彼は、クルエスの左腕、マルゴに違いないーー


「言っただろ。そいつは死んでる。スキルを全て抽出され終わってるからな」


 マルゴはカプセルに目を向けると、冷たく言い放った。相変わらず視線が合わないものの、彼はそんなことにはお構い無しの様子だった。
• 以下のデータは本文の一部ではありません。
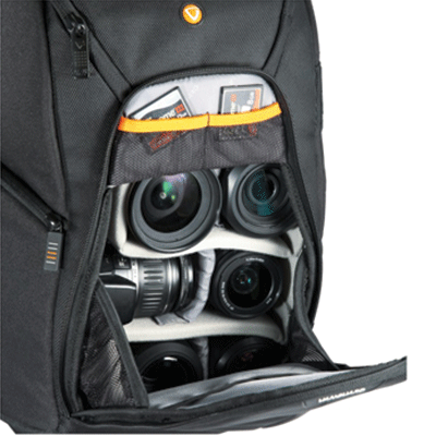 کوله پشتی مناسب برای یک دوربین DSLR به همراه 2 یا 3 لنز ، دارای دسترسی آسان از جلو و کنار، محفظه ای در قسمت بالایی کیف برای نگهداری وسایل شخصی ، نگهدارنده سه پایه ، محفظه لب تاپ تا سایز 13 اینچ ، دارای کاور باران

「お前は何を知ってるんだ?スキルを抽出されると、死ぬ?」

「あー、そいつは特級ギルドチーム大蟹ハンマークラブのリーダー、ランスだ。主なスキルは、水魔法7、強打8。近距離タイプ。仲間は三人。チームの魔法バランスがよく、小規模な依頼を中心に手堅くこなしていく方針。で、こなした依頼は――」

「待てよ!そんなことを知ってるのかと聞いてんじゃねぇ。スキルを抽出されるとどうなるんだよ!?」


 ソウが青筋を立ててマルゴをまくし立てた。すると、マルゴは呆れた表情で僕たちを見回した。
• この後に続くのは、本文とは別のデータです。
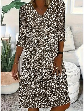 Жен. Платье средней длины Цветочное платье Платье с принтом Классика Современное на открытом воздухе Отпуск На выход Стандартный Цветы С короткими рукавами V-образный вырез

「だから、死んじまうんだって。世の中の全てのものは"魔力"を保有してる。そして、生物はそれと共に、生命の源泉でもある"スキル"をもっている。もし、魔力が一時的に底をついても、生体機能に一定の制限がつくだけ。でもな、特殊な方法で生物からスキルを全て引っこ抜くと――スキルの魔導石が手に入る代わりに、死ぬ。そう、スキルは生命力そのものなんだ。そのカプセルに入ってる奴も、スキルを全て抽出され終わってる。そこに落ちた結晶がスキルの魔導石さ……ただ、生憎まともなスキルを持ってなかったらしい。小さな結晶ばかりだろ?レベルの低いスキルばかりだ。気になるならやるよ。飲み込みゃ使えるようになる」

「魔導石を、飲み込むだって……?お前は人の心がないのか」


 笑みすら浮かべず淡々と説明するマルゴに、ソウは怒りを露わにした。僕も、ロボットのように説明するマルゴへ、胸糞悪い気分を抱いた。


「こんなもの使うかよ!……ハル、ベル、聞いたか。だとしたらグレンもスキルの抽出をされている途中かもしれねぇ。さっさと救わないと……グレンの命が危ねぇ。が、見たところ警備はあいつ一人。さっさと倒して先を急ぐぞ」

「僕もそう思う。道を譲ってもらおう」

「正面突破しちゃおっか〜」

「……おいおい、誰がどこを通るって?仮にもクルエス様から扇の要を預かっている身だぞ」


 マルゴは腕を組んでこちら側を見ている。そして彼は初めて感情を表した。何か裏がありそうな、冷徹な笑みを浮かべていたのだ。


「……俺が一人だからって油断してるだろ。お前ら」


 すると、マルゴは唐突に腕を突き出して、火炎球を放ってきた。突然の攻撃に僕たちは横っ飛びで避ける――火炎球は背後のガラス壁に直撃して、爆裂した。ガラスは大きな水槽の一面だったらしく、中に溜まっていた水が勢いよく溢れて出てくる。さらには、それと共に施設全体も明滅し始める。設備が大破したことによって警報を伝えるアラームが起動したようだった。


「ち……壊しちまった。まあこの施設もすぐに用済みになるんだ。ちょっとくらいいいだろう」


 マルゴは口角を上げながら、僕らを舐め回すように見た。一方のソウは、危機感を露わに叫んだ。


「二人共、こんな所で時間を食ってるわけにはいかねぇ……一対一で十分だ!俺が仕留める」

「舐められてるじゃねぇか……俺が一人なのはなぁ……周りにいる奴をみんな壊しちまうからだよ!」


 そう言うと、マルゴはさっきよりも大きな火炎球を生成して、こちらへ投げてきた。


「私が守るから、今のうち行こう!ハル!水護盤ウォーター・シールド


 ベルが僕の懐から飛び出して、小さな手を前にかざすと、僕を優に覆い隠す程の丸い水の盾が出現した。直後、火炎球が水の盾へ当たると、火炎球は消失したが、熱で盾の大半も蒸発してしまっていた。ベルは水の盾を消すと、僕を促した。


「……!あの人間の魔法、かなり強いよ。さあ、行こう!」

「ソウ、気を付けて!」


 僕は、飛び立とうとしたベルの後ろ足を掴んだ。ベルは、マルゴから距離を取るようにして飛行するスピードを上げた。


「させねぇ!俺の火炎球で撃ち落としてや――」

「……お前の相手は俺だよ!」


 気性荒く叫ぶマルゴに、ソウのゴーレムが背後から覆いかぶさっていた。羽交い締めにされたマルゴは、火炎球を生成し損なうと通路に響き渡る声で叫んだ。


「お前ら、こいつを殺して、追いついて、皆殺しにしてやる!すぐに行くからな!」

「追いつくのは俺だよ!ハル、グレンに会ったらヨロシク言っといてくれ!」


 振り返ると、ソウの姿が薄暗い通路の中に消えていった。僕は、ベルと先を急いだ。